Recorded data
== == ==
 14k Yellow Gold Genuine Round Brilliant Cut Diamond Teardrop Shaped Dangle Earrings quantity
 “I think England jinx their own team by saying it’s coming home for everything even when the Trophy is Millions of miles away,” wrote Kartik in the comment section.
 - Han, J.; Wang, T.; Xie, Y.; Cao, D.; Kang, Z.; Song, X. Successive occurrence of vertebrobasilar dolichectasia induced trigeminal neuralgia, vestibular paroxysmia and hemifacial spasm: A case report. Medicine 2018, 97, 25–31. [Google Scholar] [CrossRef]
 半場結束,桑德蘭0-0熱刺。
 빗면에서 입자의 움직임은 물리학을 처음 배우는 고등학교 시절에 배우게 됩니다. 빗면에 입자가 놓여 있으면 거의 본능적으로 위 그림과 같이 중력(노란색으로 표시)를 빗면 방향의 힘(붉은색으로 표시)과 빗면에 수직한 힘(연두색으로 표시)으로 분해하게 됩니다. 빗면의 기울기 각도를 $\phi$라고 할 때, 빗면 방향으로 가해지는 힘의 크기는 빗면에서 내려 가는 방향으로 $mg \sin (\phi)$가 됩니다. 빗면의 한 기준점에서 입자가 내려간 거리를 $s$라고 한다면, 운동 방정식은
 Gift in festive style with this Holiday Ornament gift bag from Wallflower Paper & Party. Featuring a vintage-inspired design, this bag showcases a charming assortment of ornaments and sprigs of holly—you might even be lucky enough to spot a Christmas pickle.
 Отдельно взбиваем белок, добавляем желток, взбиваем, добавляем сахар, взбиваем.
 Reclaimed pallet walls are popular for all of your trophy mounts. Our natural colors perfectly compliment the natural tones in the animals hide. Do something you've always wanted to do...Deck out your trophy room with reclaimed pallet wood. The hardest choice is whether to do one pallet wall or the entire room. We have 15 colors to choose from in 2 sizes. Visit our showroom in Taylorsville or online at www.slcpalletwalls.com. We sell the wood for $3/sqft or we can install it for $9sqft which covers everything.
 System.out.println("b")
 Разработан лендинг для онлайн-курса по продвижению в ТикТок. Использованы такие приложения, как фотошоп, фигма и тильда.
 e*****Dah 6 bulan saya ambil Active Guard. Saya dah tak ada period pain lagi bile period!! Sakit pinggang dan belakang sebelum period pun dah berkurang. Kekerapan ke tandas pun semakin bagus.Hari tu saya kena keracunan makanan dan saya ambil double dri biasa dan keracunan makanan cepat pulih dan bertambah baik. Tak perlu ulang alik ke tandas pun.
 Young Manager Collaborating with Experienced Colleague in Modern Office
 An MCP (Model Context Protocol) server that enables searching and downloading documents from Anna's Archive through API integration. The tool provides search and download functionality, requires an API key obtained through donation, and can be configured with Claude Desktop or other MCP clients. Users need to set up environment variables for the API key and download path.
== == ==
## WORK REQUEST
From the first line of the records above down to the line containing "半場結束,桑德蘭0-0熱刺。", repeat each line exactly as written. Include both of those lines and add nothing.

## OUTPUT FOR THIS TASK
 14k Yellow Gold Genuine Round Brilliant Cut Diamond Teardrop Shaped Dangle Earrings quantity
 “I think England jinx their own team by saying it’s coming home for everything even when the Trophy is Millions of miles away,” wrote Kartik in the comment section.
 - Han, J.; Wang, T.; Xie, Y.; Cao, D.; Kang, Z.; Song, X. Successive occurrence of vertebrobasilar dolichectasia induced trigeminal neuralgia, vestibular paroxysmia and hemifacial spasm: A case report. Medicine 2018, 97, 25–31. [Google Scholar] [CrossRef]
 半場結束,桑德蘭0-0熱刺。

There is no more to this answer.